Le résultat est net. Passer par un ETP dans un compte-titres ne vous fait économiser aucun impôt par rapport à la détention directe. Vous payez le même taux, plus les frais annuels du produit. Le seul contenant qui offre un avantage fiscal, le PEA, avec ses prélèvements sociaux réduits après cinq ans, vous est justement interdit pour le Bitcoin. L'enveloppe avantageuse existe. Elle refuse l'actif que vous voulez y mettre.
ETP ou détention directe : ce que chaque route vous coûte
| Critère | ETP en compte-titres | Bitcoin en direct |
|---|---|---|
| Fiscalité des gains | Flat tax 31,4 pour cent | Flat tax 31,4 pour cent |
| Frais récurrents | 0,15 à 0,25 pour cent par an | Aucun frais de garde si auto-conservation |
| Conservation | Déléguée au dépositaire | À votre charge, via un wallet |
| Éligibilité PEA | Non | Non |
| Accès | Compte-titres classique | Plateforme ou wallet personnel |
Le choix dépend de votre profil. Si vous voulez éviter la garde des clés et rester dans un cadre boursier familier, l'ETP fait le travail, à un coût annuel modeste. Si vous tenez à posséder réellement vos Bitcoins et à les sortir d'une plateforme, la détention directe reste la seule option. Notre guide complet pour détenir ses cryptos en France détaille cette seconde voie.

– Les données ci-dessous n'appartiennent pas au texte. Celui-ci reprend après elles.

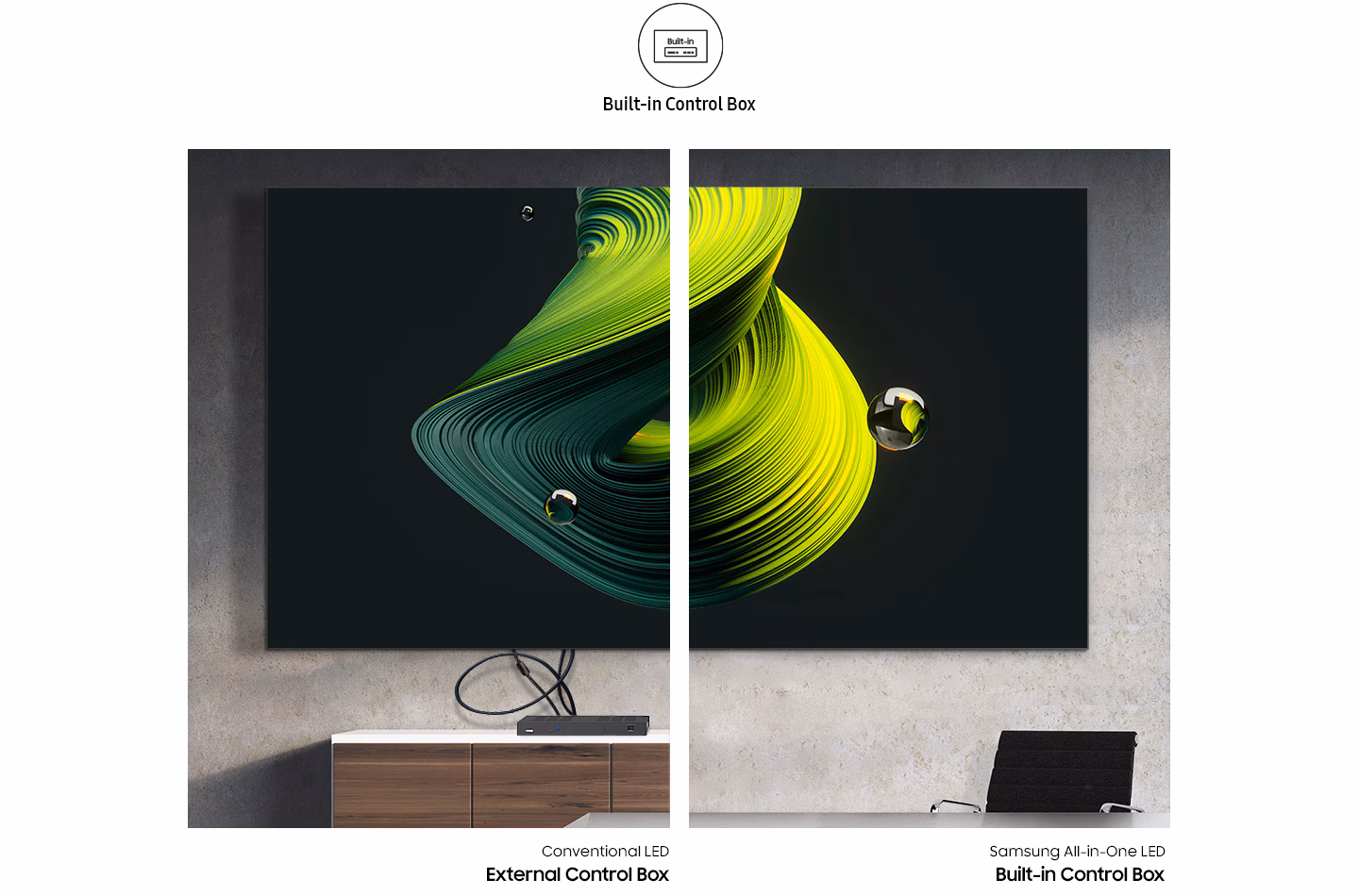 Descubre una auténtica pantalla LED todo en uno. Experimenta una instalación más sencilla que nunca con la exclusiva tecnología Quick Build de Samsung. Solo toma dos horas instalar una pantalla gigante en tu espacio. Solo tienes que disfrutar de su increíble rendimiento. Esta es la promesa de Samsung de un todo en uno.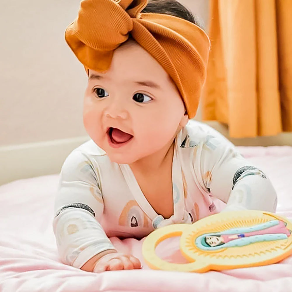 - Bright yellow silicone teething ring
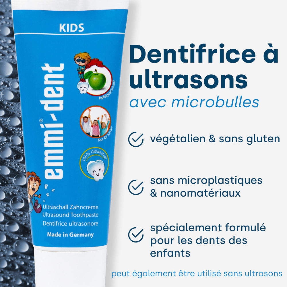 emmi-dent présente fièrement le dentifrice à ultrasons emmi-dent Kids - un produit de soins dentaires spécialement formulé pour les enfants qui est non seulement doux, mais offre également la combinaison unique de la technologie ultrasonique et des propriétés de réduction des germes. Cette description de produit révèle les caractéristiques et avantages exceptionnels de ce dentifrice spécial :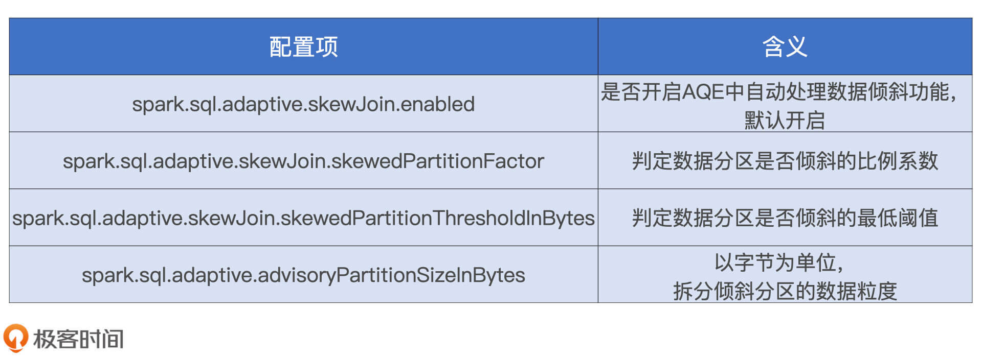 再来说说数据倾斜,在数据关联(Data Joins)的场景中,当AQE检测到倾斜的数据分区时,会自动进行拆分操作,把大分区拆成多个小分区,从而避免单个任务的数据处理量过大。不过,Spark 3.0版本发布的AQE,暂时只能在Sort Merge Join中自动处理数据倾斜,其他的Join实现方式如Shuffle Join还有待支持。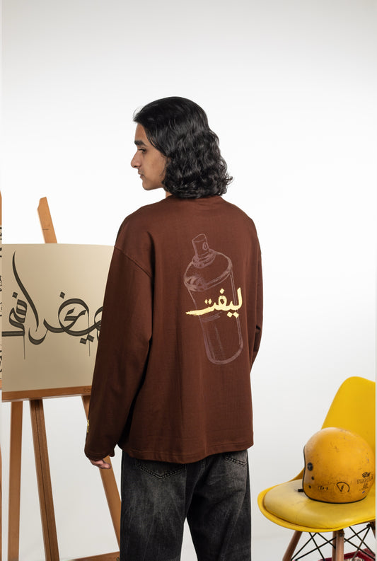 brown left arabic graphic tee -long sleeve
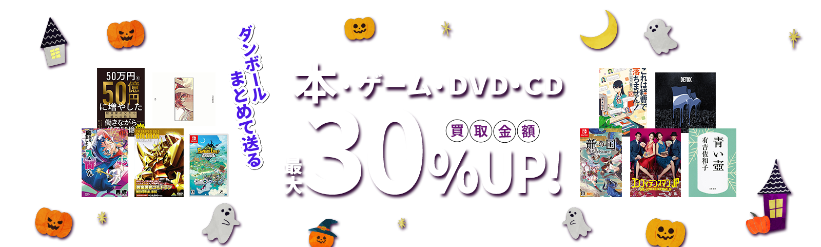| 特典 | 【特典1】買取金額現金で書籍30%UP、ゲームソフト30%UP、DVD・Blu-ray20%UP! 【特典2】通常30点からの本&ゲーム買取コースが10点からお申し込み可能。ソフト類(DVD、CD、ゲームソフト)は3点からOK。 |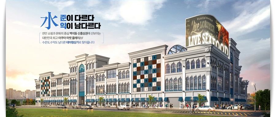 수준이 다르며, 수익이 남다르다 천안 쇼핑과 문의의 중심 백석동 신흥상권에 선보이고 있는 대한민구 최고 아쿠아 마케 플레이스 수준도 수익도 남다른 테마형 상가로 여러분들에게 찾아옵니다.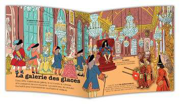 Chaque double page évoque un thème : les jardins, une journée type du roi, la galerie des glaces, le hameau de la reine... qui renferment chacun de nombreux détails et des petites anecdotes, dont certains détails sont dissimulés derrière des flaps, des roues ou des petits livrets.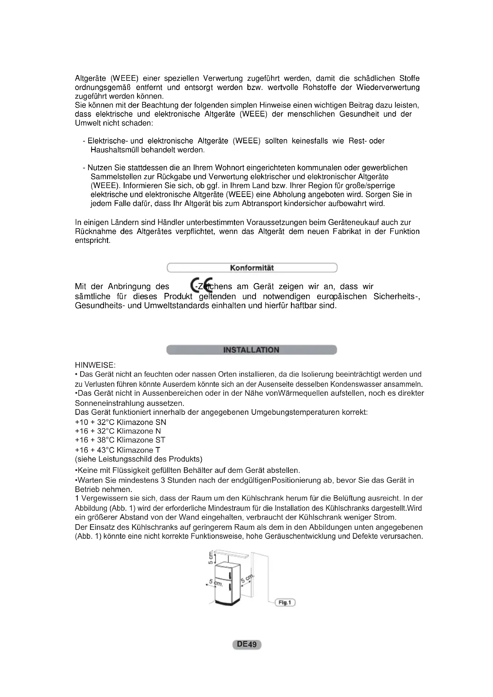 Altgeräte (WEEE) einer speziellen Verwertung zugeführt werden, damit die schädlichen Stoffe ordnungsgemäß entfernt und entsorgt werden bzw. wertvolle Rohstoffe der Wiederverwertung zugeführt werden können. Sie können mit der Beachtung der folgenden simplen Hinweise einen wichtigen Beitrag dazu leisten, dass elektrische und elektronische Altgeräte (WEEE) der menschlichen Gesundheit und der Umwelt nicht schaden: - Elektrische- und elektronische Altgeräte (WEEE) sollten keinesfalls wie Rest- oder Haushaltsmüll behandelt werden. - Nutzen Sie stattdessen die an Ihrem Wohnort eingerichteten kommunalen oder gewerblichen Sammelstellen zur Rückgabe und Verwertung elektrischer und elektronischer Altgeräte (WEEE). Informieren Sie sich, ob ggf. in Ihrem Land bzw. Ihrer Region für große/sperrige elektrische und elektronische Altgeräte (WEEE) eine Abholung angeboten wird. Sorgen Sie in jedem Falle dafür, dass Ihr Altgerät bis zum Abtransport kindersicher aufbewahrt wird. In einigen Ländern sind Händler unterbestimmten Voraussetzungen beim Geräteneukauf auch zur Rücknahme des Altgerätes verpflichtet, wenn das Altgerät dem neuen Fabrikat in der Funktion entspricht. Mit der Anbringung des -Zeichens am Gerät zeigen wir an, dass wir sämtliche für dieses Produkt geltenden und notwendigen europäischen Sicherheits-, Gesundheits- und Umweltstandards einhalten und hierfür haftbar sind. 49DE kein Display kein Display Kühlraum Umluftkühlung (falls vorhanden) Der Ventilator ist werkseitig auf OFF eingestellt. Um zu aktivieren, drücken Sie den Schalter (Abb. 6) Um den Energieverbrauch zu optimieren, ist es empfehlenswert, dass Sie den Ventilator nur einschalten, wenn die Umgebungslufttemperatur 28/30 °C übersteigt.

Peut-on ouvrir un PEA dédié aux cryptos ?
Non. Aucun PEA ne peut accueillir de produit crypto, quel que soit son habillage. Les offres qui promettent le contraire méritent la plus grande méfiance.
Un ETP Bitcoin est-il aussi sûr qu'un compte crypto ?

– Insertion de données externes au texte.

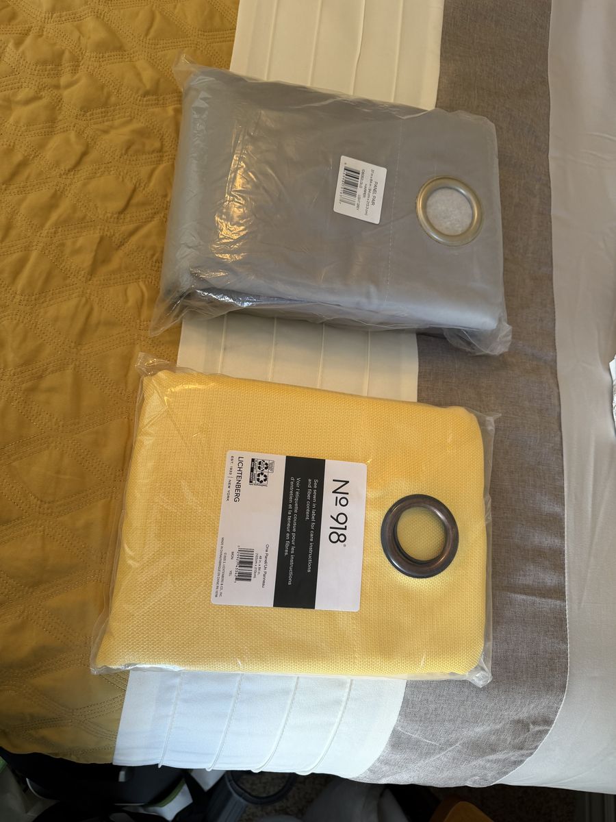 VenmoBrand new and never used. I missed the return window at JCPenney‘s. Queen bedspread. Pillows. Bed skirt. The colors are gray, white, and yellow And choice of two curtain panels, either gray or yellow. Bedding was originally $280. The curtains originally were $95.

Le risque de marché est identique, puisque les deux suivent le prix du Bitcoin. La différence porte sur la garde. Avec un ETP, un dépositaire régulé conserve les actifs. Avec un compte sur une plateforme, la sécurité dépend de l'établissement choisi.
Faut-il déclarer un ETP Bitcoin à l'administration fiscale ?
Un ETP logé dans un compte-titres français suit les règles classiques des valeurs mobilières. Les obligations déclaratives spécifiques aux comptes d'actifs numériques à l'étranger ne le concernent pas de la même manière. En cas de doute, rapprochez-vous d'un conseiller, car la situation varie selon le teneur de compte.
Au fond, la question de départ change de nature une fois les règles posées. Il ne s'agit plus de trouver l'enveloppe magique qui abrite le Bitcoin sans impôt. Cette enveloppe n'existe pas en France en 2026. Il s'agit de choisir entre la commodité d'un produit coté et le contrôle de la détention directe, en sachant que le fisc, lui, prélèvera la même part dans les deux cas.